The motive for the crime has not been released publicly, but the judge said it appears mental illness did play a factor in this case.

Patch file photo.
Patch file photo.

By PAUL ANDERSON
City News Service

A 25-year-old La Palma man who killed his uncle and then set the body ablaze in Santa Barbara County was sentenced today to 15 years to life in prison.

Kirk Michael Galvin did not make a statement prior to sentencing, although the victim's mother asked the defendant in a letter read aloud in court to apologize to the family and explain his actions.

One of the victim's sisters asked Orange County Superior Court Judge Thomas Goethals to impose a stricter punishment than the law allows, but the judge said he had little discretion.

Galvin was charged with first-degree murder, but struck a plea bargain with prosecutors in April to admit to second-degree murder.

The motive for the crime has not been released publicly, but Goethals said, "It appears mental illness did play a factor in this case."

"No one may ever know for sure what happened or why it happened," the judge told the victim's family. "This is obviously a sad, tragic case ... I wish I could do something to ease your pain."

Lisa Eyanson of the Orange County Public Defender's Office declined to offer specifics on her client's mental health.

The defendant killed 53-year-old Douglas Galvin on July 27, 2011, in the La Palma apartment of his father, who was out of town. Two people found the torched body on July 30, 2011, in Santa Barbara County and alerted authorities.

Rosemary Galvin told her nephew it was a "vicious murder, Kirk, that you tried to cover up." She said she is haunted by thoughts of how her brother must have felt as his life was slipping away -- "the fear and confusion he must have felt when this nephew he loved" was attacking him.

"I have forgiven Kirk because I could not live with all that turmoil in my heart and mind," she said. "I hope while Kirk is in prison, he will make something of his life in honor of Doug."

A total of three of the victim's sisters addressed the court, telling the judge their brother had a great sense of humor and was handy with advice. He was a Vietnam veteran who served in the Navy and was active in multiple charities, they said.

Maureen Galvin, addressing her nephew, said, "Kirk, I want you to know I forgive you. And I think Doug would forgive you, too, because he loved you so much ... I hope you can get help and I hope you can help others."

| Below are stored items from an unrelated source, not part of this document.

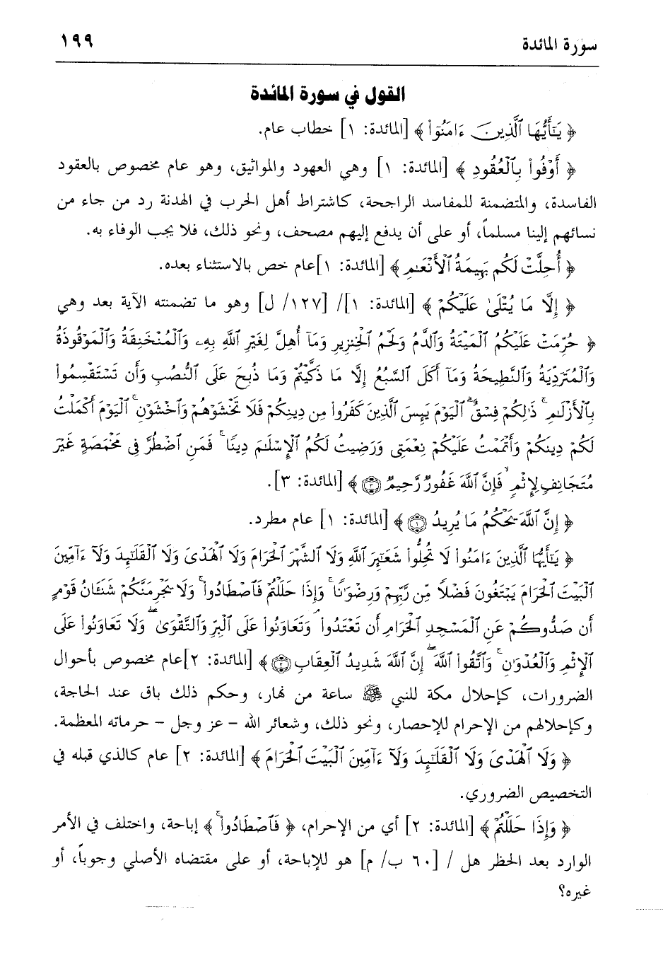{يا أَيُّهَا الَّذِينَ آمَنُوا لا تُحِلُّوا شَعائِرَ اللهِ وَلا الشَّهْرَ الْحَرامَ وَلا الْهَدْيَ وَلا الْقَلائِدَ وَلا آمِّينَ الْبَيْتَ الْحَرامَ يَبْتَغُونَ فَضْلاً مِنْ رَبِّهِمْ وَرِضْواناً وَإِذا حَلَلْتُمْ فَاصْطادُوا وَلا يَجْرِمَنَّكُمْ شَنَآنُ قَوْمٍ أَنْ صَدُّوكُمْ عَنِ الْمَسْجِدِ الْحَرامِ أَنْ تَعْتَدُوا وَتَعاوَنُوا عَلَى الْبِرِّ وَالتَّقْوى وَلا تَعاوَنُوا عَلَى الْإِثْمِ وَالْعُدْوانِ وَاِتَّقُوا اللهَ إِنَّ اللهَ شَدِيدُ الْعِقابِ} (2) [المائدة: 2] عام مخصوص بأحوال الضرورات، كإحلال مكة للنبي صلّى الله عليه وسلّم ساعة من نهار، وحكم ذلك باق عند الحاجة، وكإحلالهم من الإحرام للإحصار، ونحو ذلك، وشعائر الله-عز وجل-حرماته المعظمة.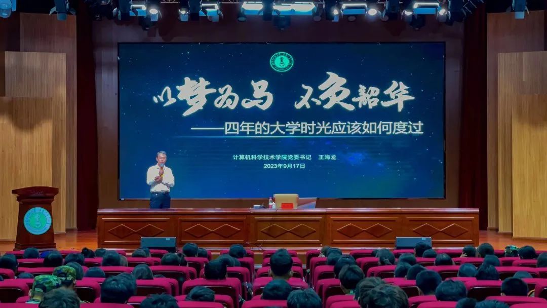 2023年9月17日下午,PP电子游戏网站党委书记王海龙以《以梦为马·不负韶华——四年的大学时光应该如何度过》为主题,为PP电子2023级全体本科生、研究生讲授了一堂提振信心、坚定理想、勇担使命的“开学第一课”。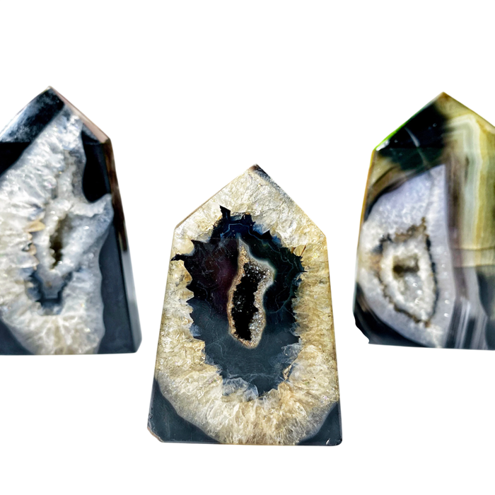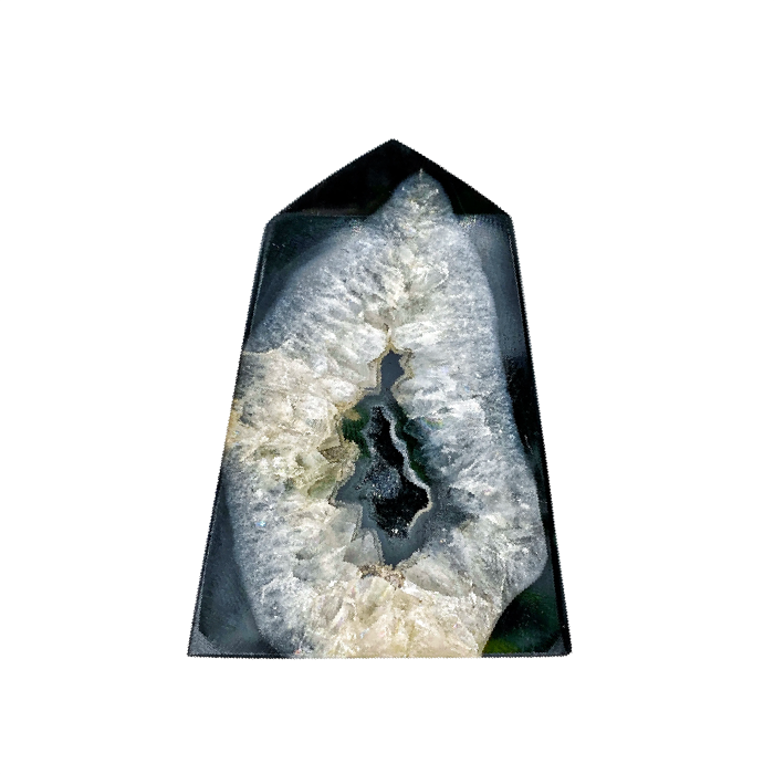 La punta è lavorata in forma geometrica, mantenendo le proprietà naturali del materiale. Il peso dei singoli pezzi varia tra 20–50 g, rendendoli un elemento decorativo di dimensioni ridotte, adatto per diverse posizioni. La superficie della pietra è parzialmente lucidata, evidenziando il suo disegno e la sua struttura.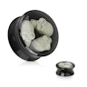If you are kicking and screaming for a bold and raw plug for your stretching, you have come to the right place. Further up this page, you’ll see an acrylic plug where three skulls have gotten inside. These skulls have been placed inside the circle with their face up at the front. A transparent layer covers the skulls to ensure they don't fall out and that the plug comes with an excellent finish.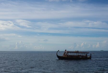 Boat floating on the ocean on a cloudy day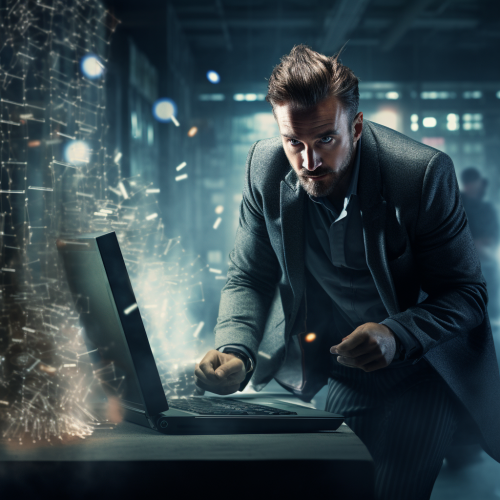 a cyber security person calmly bites intp a burger and ignors her work - illustrating the risks of lax cyber security --ar 16:9 --v 5.2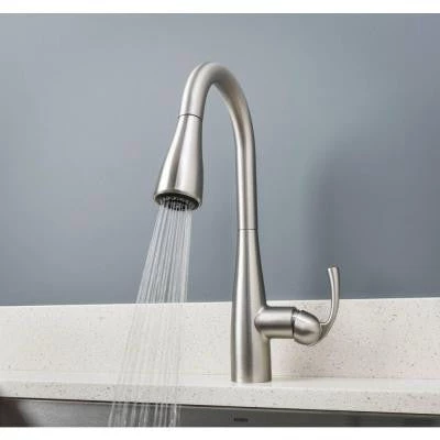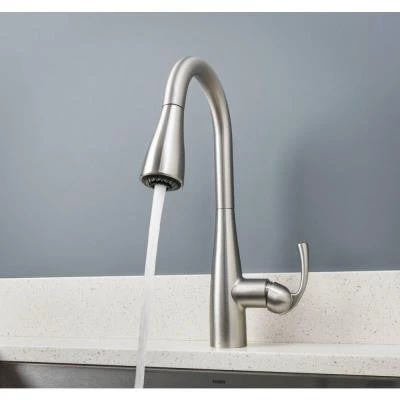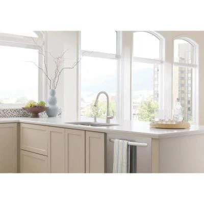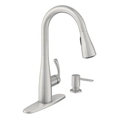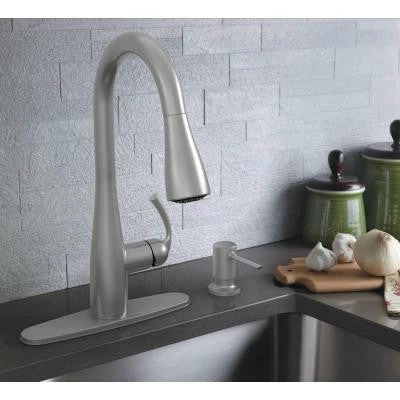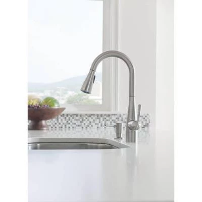 The Essie faucet in Spot Resist Stainless has a single-handle faucet design for quick and easy water control and includes a convenient soap/lotion dispenser. This faucet features a Spot Resist stainless finish to help resist fingerprints and water spots. The 1-handle lever handles make it easy to adjust the water. The transitional styling of the Essie collection offers delicate curves that make any kitchen feel like home.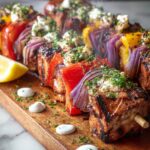 - Rest and serve: Remove the skewers from the grill and let them rest for a few minutes to redistribute juices. Serve hot with warm pita bread, a generous dollop of tzatziki, and your choice of fresh vegetables like sliced red onion, tomatoes, cucumber, and a sprinkle of fresh parsley.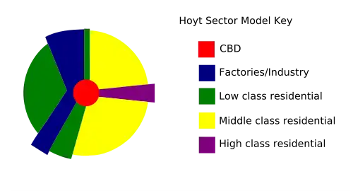 The sector model, also known as the Hoyt model, is a model of urban land use proposed in 1939 by land economist Homer Hoyt.[1] It is a modification of the concentric zone model of city development. The benefits of the application of this model include the fact it allows for an outward progression of growth. As with all simple models of such complex phenomena, its validity is limited.[2]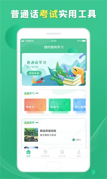 通过智能跟读单音节、多音节、短文朗读,发音练习四种题型反复理解、记忆内容,提升学习者普通话的听力、理解力与应用能力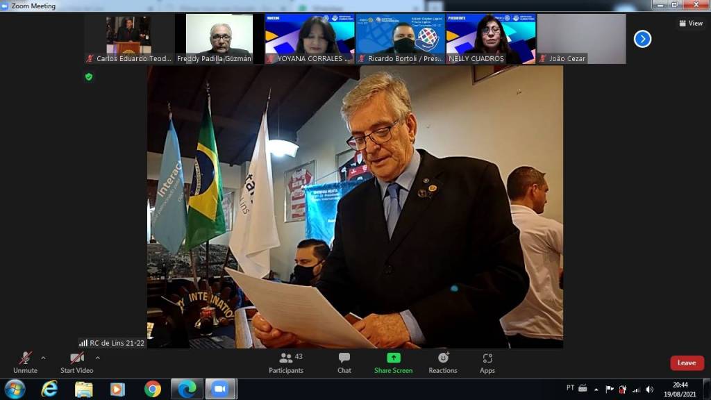 Os Rotary Clubs de Lins – Brasil e de Arequipa – Peru se reuniram na noite do dia 19 de agosto para assinatura dos certificados de CLUBES IRMÃOS. Estiveram presentes a governadora Ana Cecília Lopes - Distrito 4455 e o governador Aldecir Clayton Ligeiro - Distrito 4480. Falaram o Governador Israel Antonio Alfonso e o futuro presidente do Arequipa Oeste, Freddy Padilha, que iniciaram o movimento de aproximação de Lins e Arequipa, que resultou em fatos muito importantes para as duas cidades que se tornaram irmãs e suas universidades. Os presidentes Ricardo Bortoli e Nelly Cardenas, assinaram os documentos que tornaram irmãos os dois Rotary Clubs. O governador Ligeiro manifestou a sua emoção e já iniciou conversas com o EGD Israel para ampliar as ações entre os dois Distritos, a partir do próximo ano.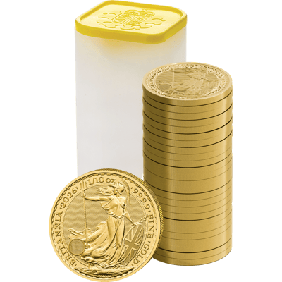 25 x 1/10 Unze Gold Britannia 2026 – Das Investorenpaket in der Münztube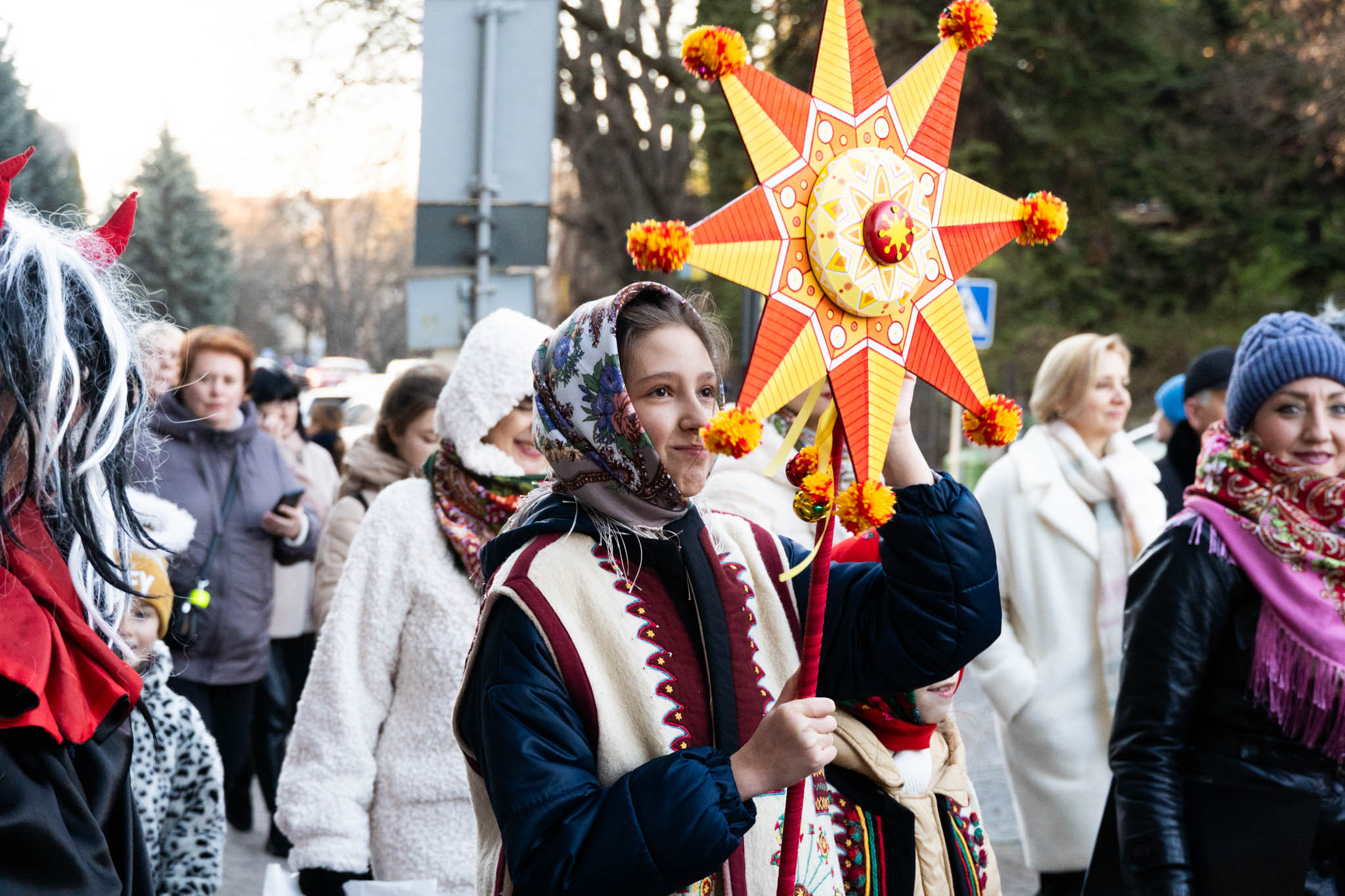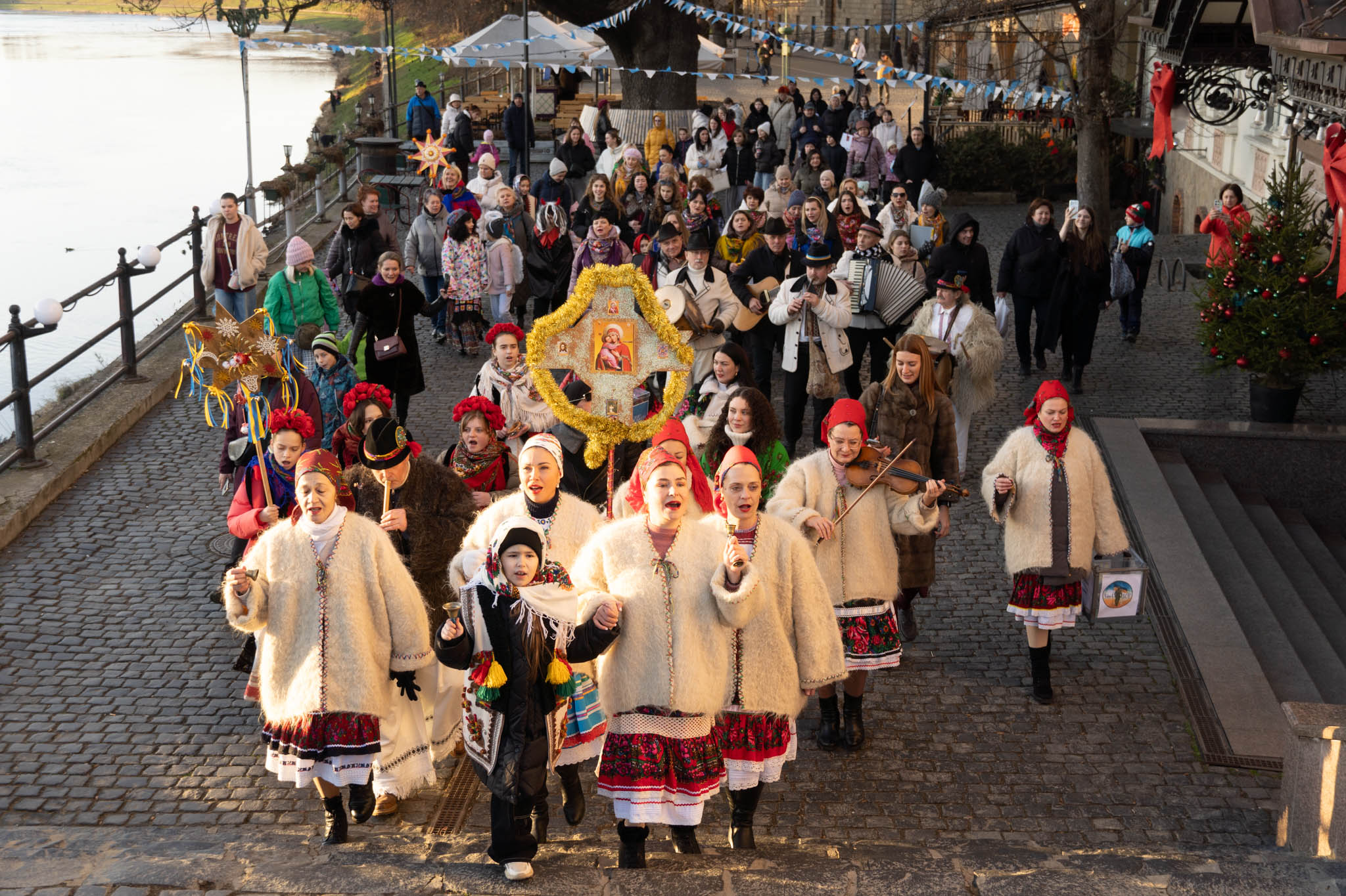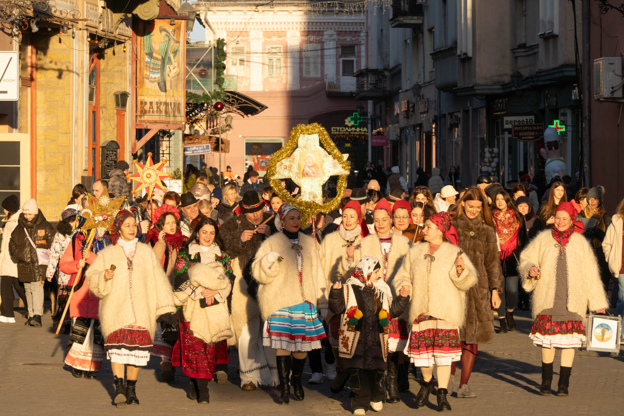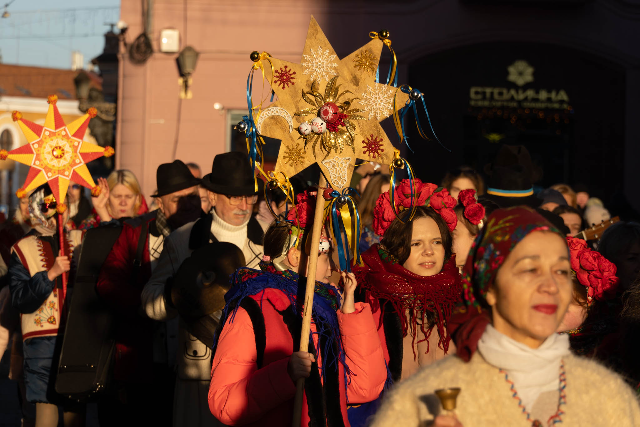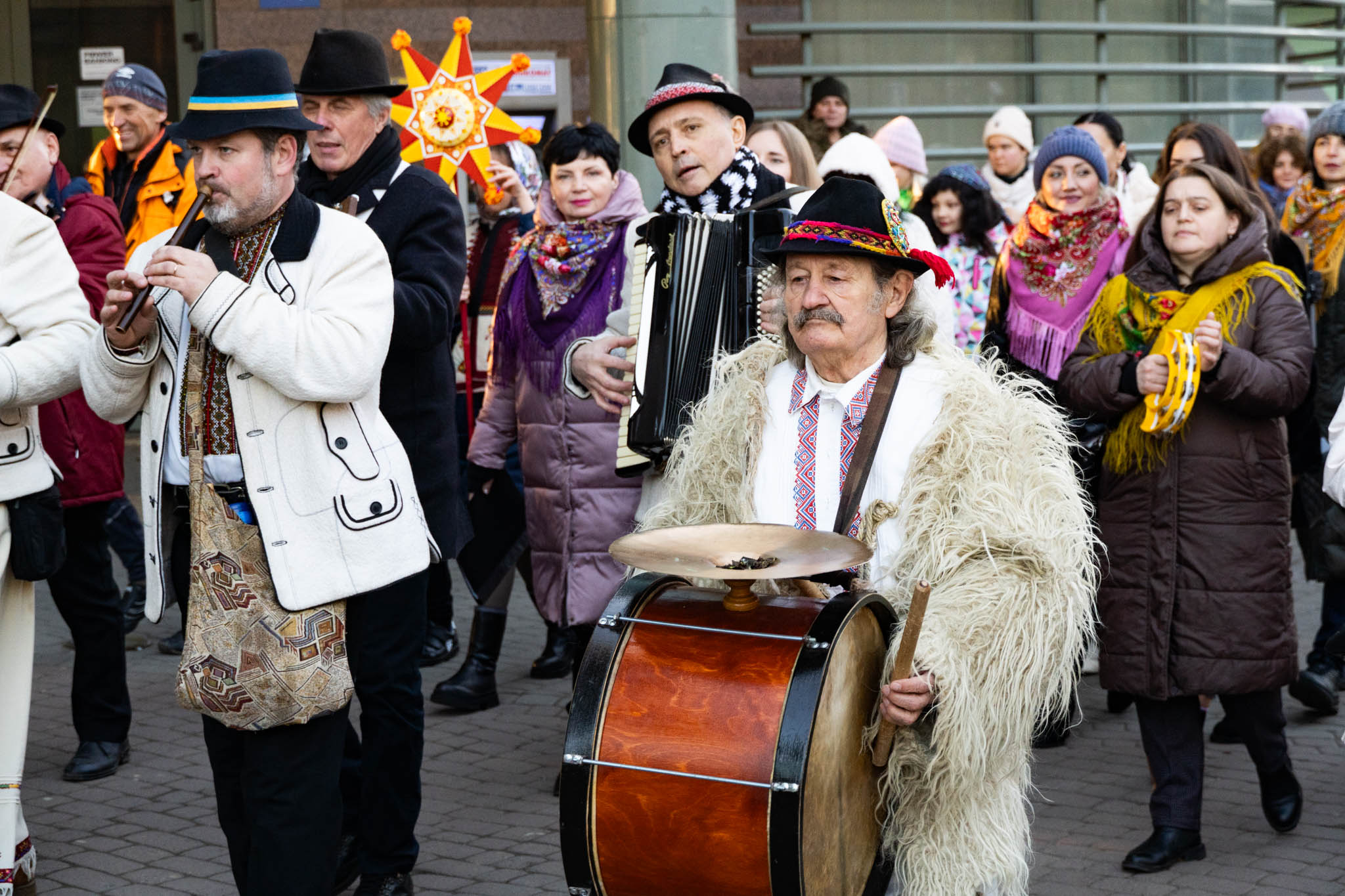 Народні колективи та солісти зібралися на площі Поштовій, звідки й стартували з колядою. Кожен охочий міг задонатити на підтримку Збройних Сил України.

But she said she hopes the defendant never gets out of custody because he is too dangerous, and also recounted how the family agonized as authorities were looking for her brother and how grief-stricken her mother was when given word of her son's death.

The body was so badly burned that investigators had to identify the victim through his pacemaker, she said.

Bridget Galvin said her brother loved the defendant and his sibling "like his own sons."